[TASK DATA — start]

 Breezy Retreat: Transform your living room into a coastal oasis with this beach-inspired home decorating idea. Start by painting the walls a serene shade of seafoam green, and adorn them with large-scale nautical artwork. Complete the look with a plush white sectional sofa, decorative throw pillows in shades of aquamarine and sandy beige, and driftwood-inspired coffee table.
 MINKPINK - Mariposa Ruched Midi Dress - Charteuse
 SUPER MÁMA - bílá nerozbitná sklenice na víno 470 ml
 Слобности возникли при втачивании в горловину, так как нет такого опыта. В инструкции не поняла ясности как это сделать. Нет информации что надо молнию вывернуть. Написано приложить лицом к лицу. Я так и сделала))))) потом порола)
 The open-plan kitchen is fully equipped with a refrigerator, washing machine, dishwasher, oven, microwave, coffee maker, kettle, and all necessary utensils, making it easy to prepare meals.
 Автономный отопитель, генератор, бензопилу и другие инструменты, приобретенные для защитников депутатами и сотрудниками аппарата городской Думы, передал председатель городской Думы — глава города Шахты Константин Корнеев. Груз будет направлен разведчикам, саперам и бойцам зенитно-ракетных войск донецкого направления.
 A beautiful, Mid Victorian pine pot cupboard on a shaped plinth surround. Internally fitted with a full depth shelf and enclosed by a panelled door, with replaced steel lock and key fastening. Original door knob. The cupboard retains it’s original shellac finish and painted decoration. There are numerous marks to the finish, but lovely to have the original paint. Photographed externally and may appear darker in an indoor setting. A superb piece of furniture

[TASK DATA — finish]
[TASK DATA — start]

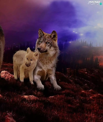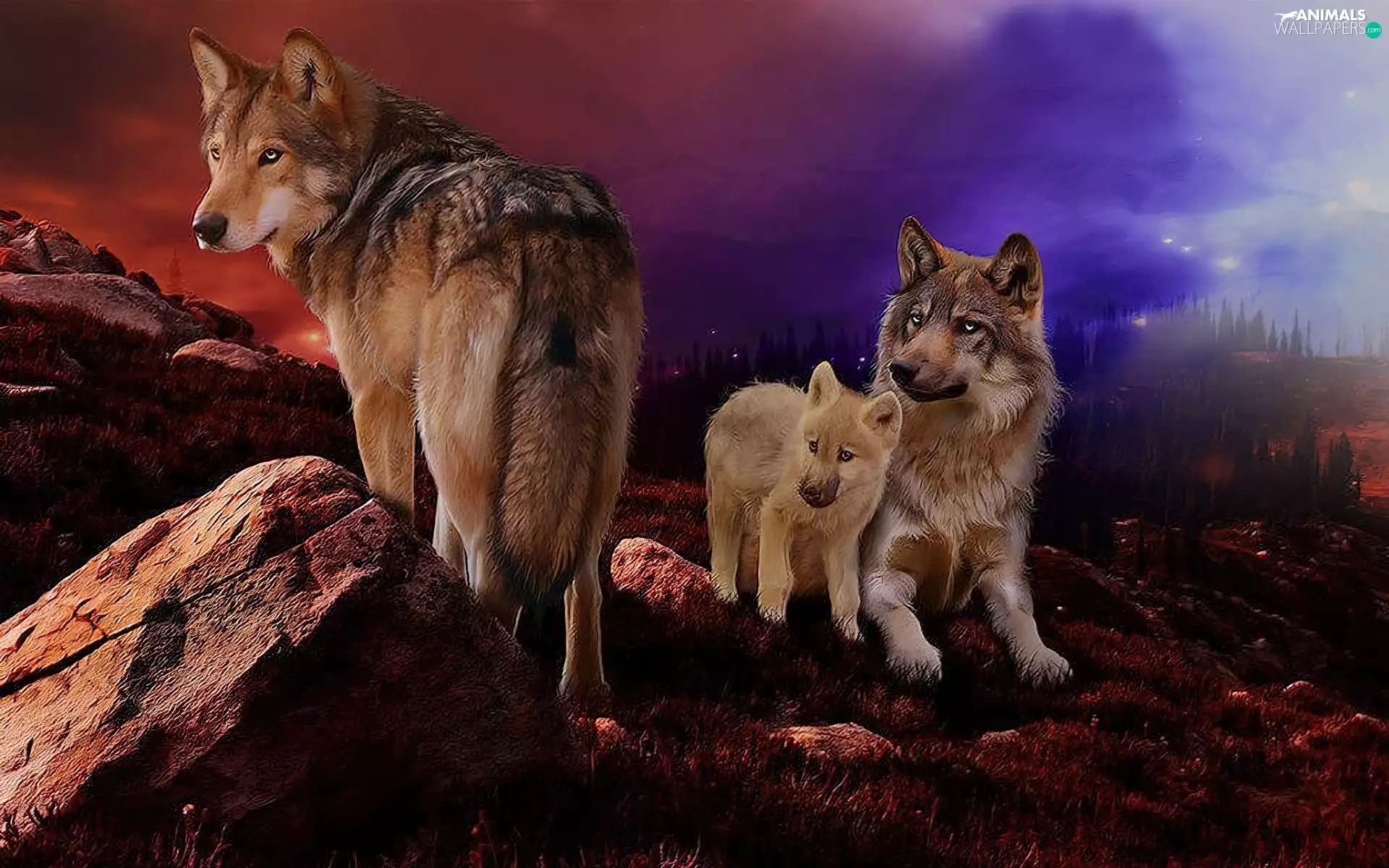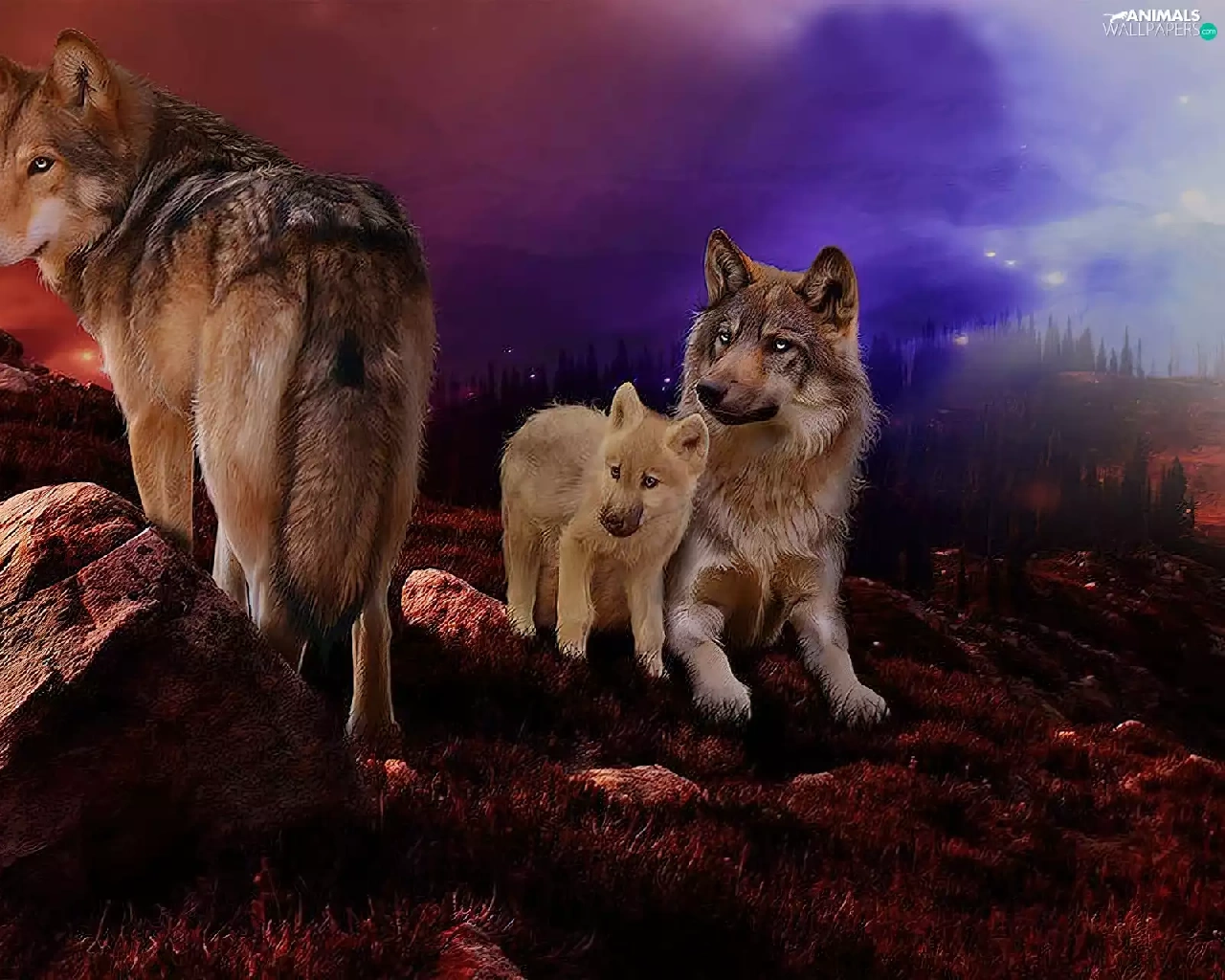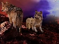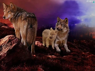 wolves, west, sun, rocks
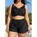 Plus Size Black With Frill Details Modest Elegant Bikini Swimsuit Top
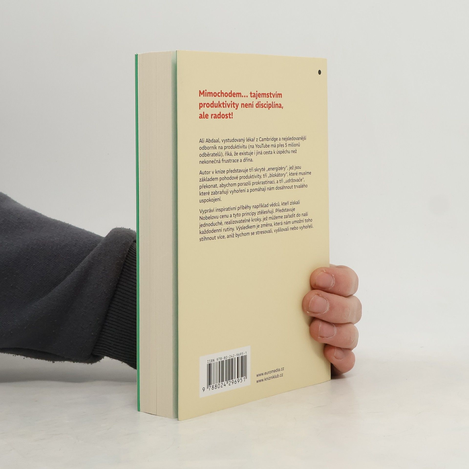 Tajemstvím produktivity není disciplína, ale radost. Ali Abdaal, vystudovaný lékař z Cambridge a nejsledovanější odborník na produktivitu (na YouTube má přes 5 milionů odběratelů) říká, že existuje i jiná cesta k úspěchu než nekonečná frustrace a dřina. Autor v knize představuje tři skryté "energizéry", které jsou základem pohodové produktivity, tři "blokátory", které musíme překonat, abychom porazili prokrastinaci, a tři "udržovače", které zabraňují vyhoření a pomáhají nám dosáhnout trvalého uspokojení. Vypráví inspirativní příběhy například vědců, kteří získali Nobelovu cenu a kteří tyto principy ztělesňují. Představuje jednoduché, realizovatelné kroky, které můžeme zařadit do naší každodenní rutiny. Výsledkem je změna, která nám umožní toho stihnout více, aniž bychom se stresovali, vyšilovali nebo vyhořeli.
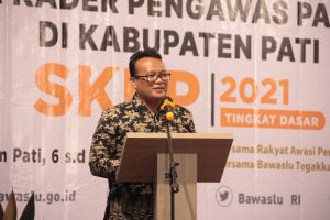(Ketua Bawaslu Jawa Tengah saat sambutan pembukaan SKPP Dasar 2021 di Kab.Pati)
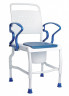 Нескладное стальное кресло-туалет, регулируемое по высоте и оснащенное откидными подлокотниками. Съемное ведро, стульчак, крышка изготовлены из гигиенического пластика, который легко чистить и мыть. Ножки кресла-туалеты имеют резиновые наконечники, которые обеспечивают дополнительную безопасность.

[TASK DATA — finish]

• ABOUT THIS EXERCISE: Using the records above, pull out each line where the word "coffee" occurs.

• WRITTEN ANSWER:
 Breezy Retreat: Transform your living room into a coastal oasis with this beach-inspired home decorating idea. Start by painting the walls a serene shade of seafoam green, and adorn them with large-scale nautical artwork. Complete the look with a plush white sectional sofa, decorative throw pillows in shades of aquamarine and sandy beige, and driftwood-inspired coffee table.
 The open-plan kitchen is fully equipped with a refrigerator, washing machine, dishwasher, oven, microwave, coffee maker, kettle, and all necessary utensils, making it easy to prepare meals.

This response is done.